## [WHAT YOU NEED TO DO]
Print every line below exactly as written, but leave the pictures behind.

## [DATASET CONTENT]
*** Block opens ***

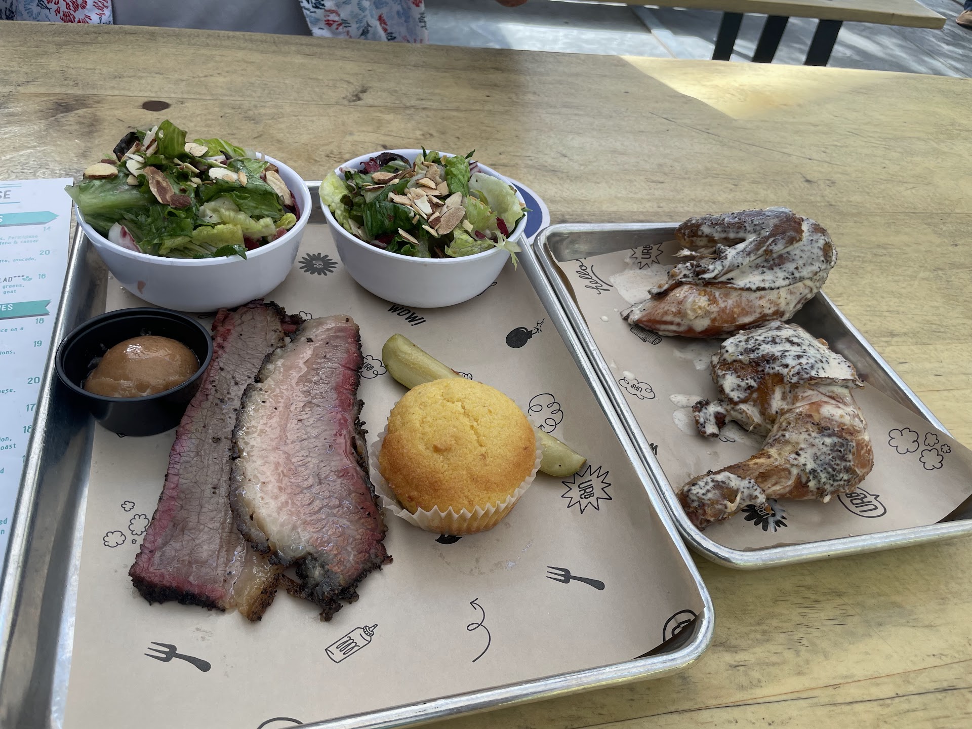 Food: The brisket and burnt ends were… fine. You know that feeling when you’re expecting fireworks but get a sparkler instead? That’s the brisket. It’s tender, sure, but it’s also a little shy in the flavor department. Luckily, the house BBQ sauce is there like the hero we didn’t know we needed, swooping in to save the day.
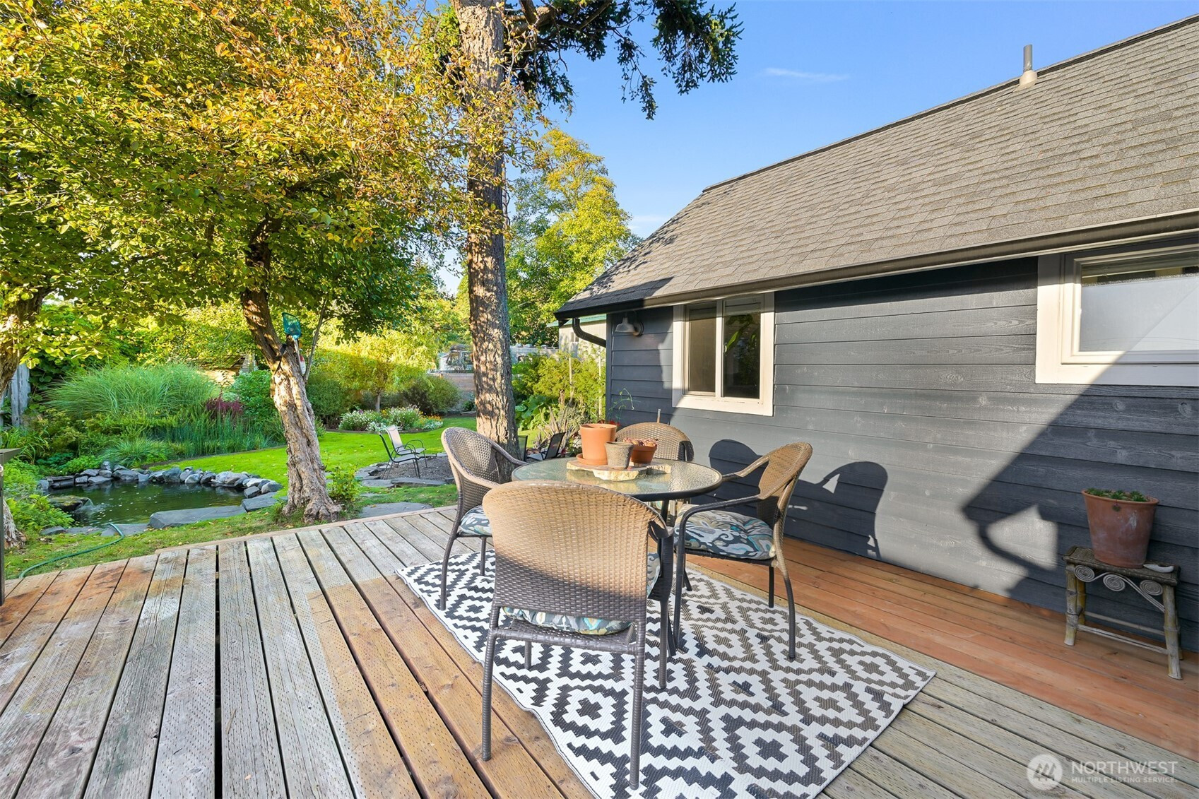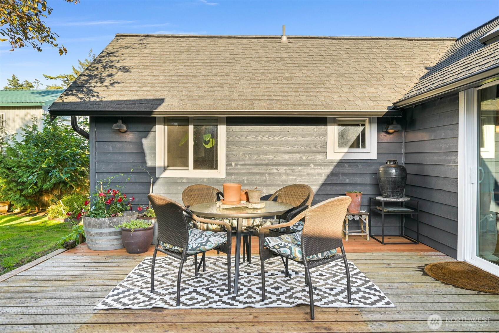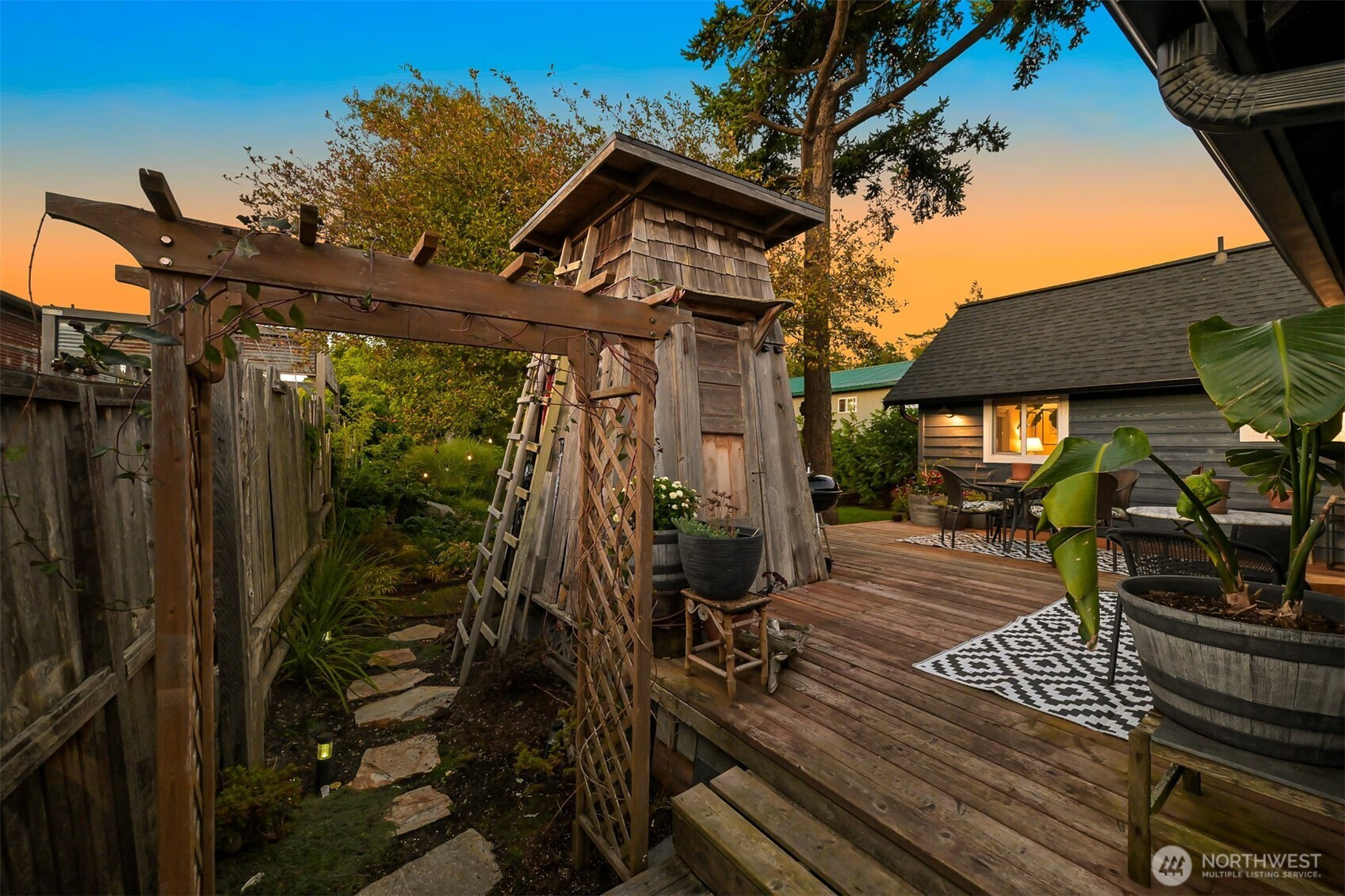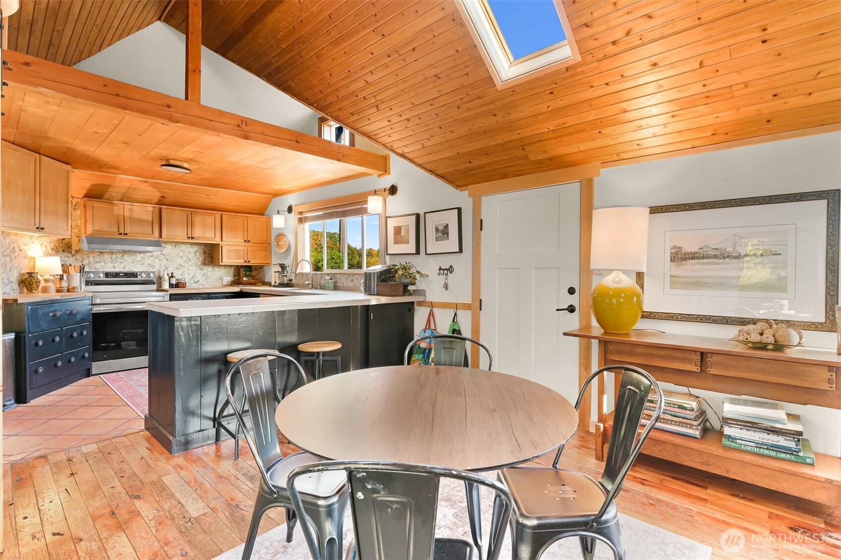 (503) 893-8874Mid-Century beach bungalow on Gooseberry Point showcasing an unobstructed view of Hale Passage and Lummi Island! Fee simple ownership with deeded community beach access near the Lummi ferry dock. The one bedroom + office (or bunk room) home lives larger than stated sqft with its vaulted ceilings and skylights, thoughtful layout, and efficient storage spaces. Timeless character details such as rustic hardwood floors, tongue & groove pine ceiling, exposed trusses, wood-burning fireplace with tile surround, and classic clawfoot tub. Newer roof and paint. The beautifully-landscaped backyard with pond and fire pit provides a private and tranquil oasis.
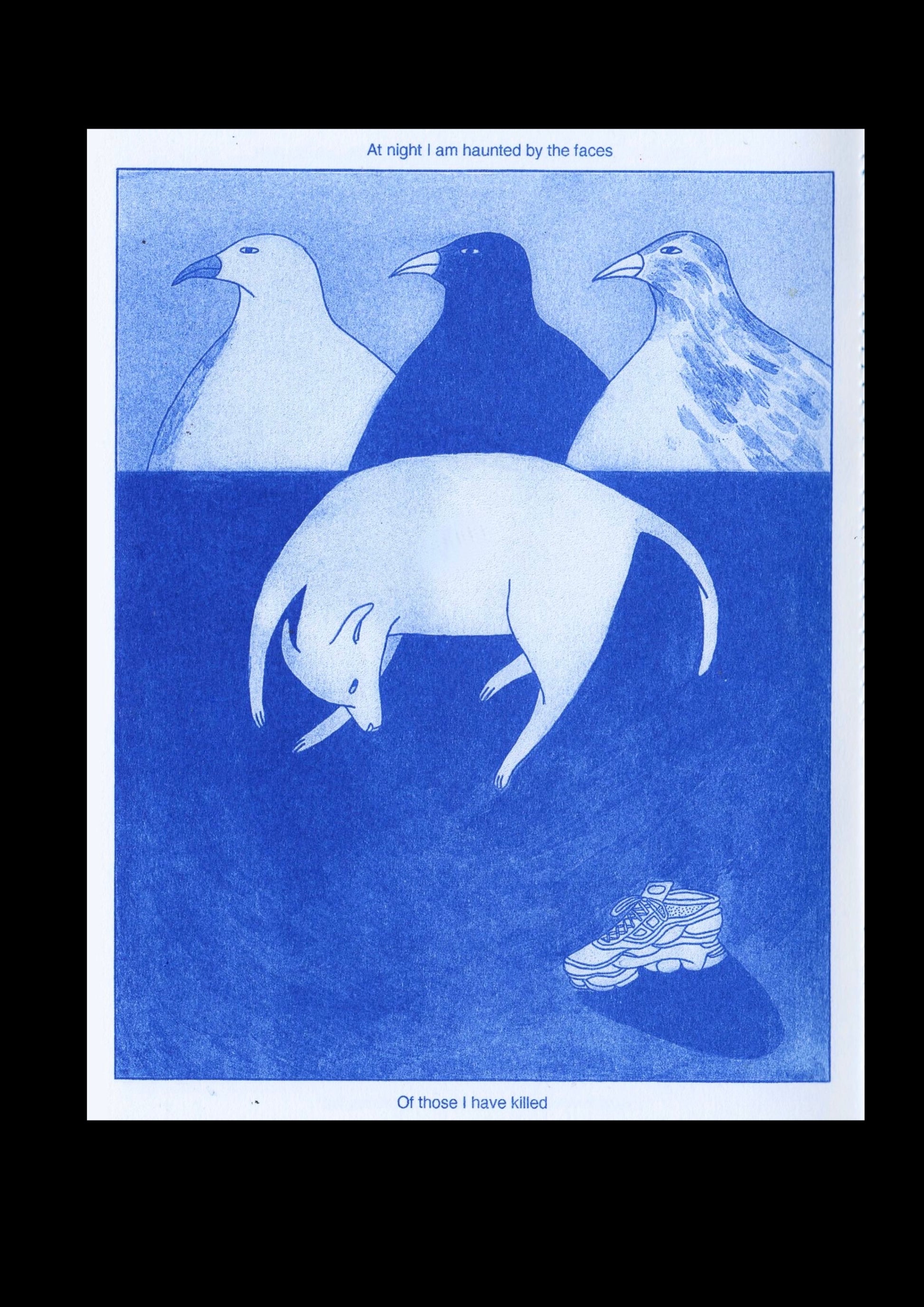 A4 blue risograph print. Limited edition of 100, signed and numbered.
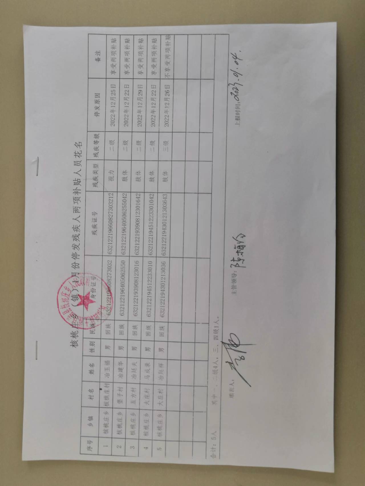 核桃庄乡2023年1月份停发残疾人两项补贴人员花名

*** Block closes ***

## [YOUR RESPONSE]
 Food: The brisket and burnt ends were… fine. You know that feeling when you’re expecting fireworks but get a sparkler instead? That’s the brisket. It’s tender, sure, but it’s also a little shy in the flavor department. Luckily, the house BBQ sauce is there like the hero we didn’t know we needed, swooping in to save the day.
 (503) 893-8874Mid-Century beach bungalow on Gooseberry Point showcasing an unobstructed view of Hale Passage and Lummi Island! Fee simple ownership with deeded community beach access near the Lummi ferry dock. The one bedroom + office (or bunk room) home lives larger than stated sqft with its vaulted ceilings and skylights, thoughtful layout, and efficient storage spaces. Timeless character details such as rustic hardwood floors, tongue & groove pine ceiling, exposed trusses, wood-burning fireplace with tile surround, and classic clawfoot tub. Newer roof and paint. The beautifully-landscaped backyard with pond and fire pit provides a private and tranquil oasis.
 A4 blue risograph print. Limited edition of 100, signed and numbered.
 核桃庄乡2023年1月份停发残疾人两项补贴人员花名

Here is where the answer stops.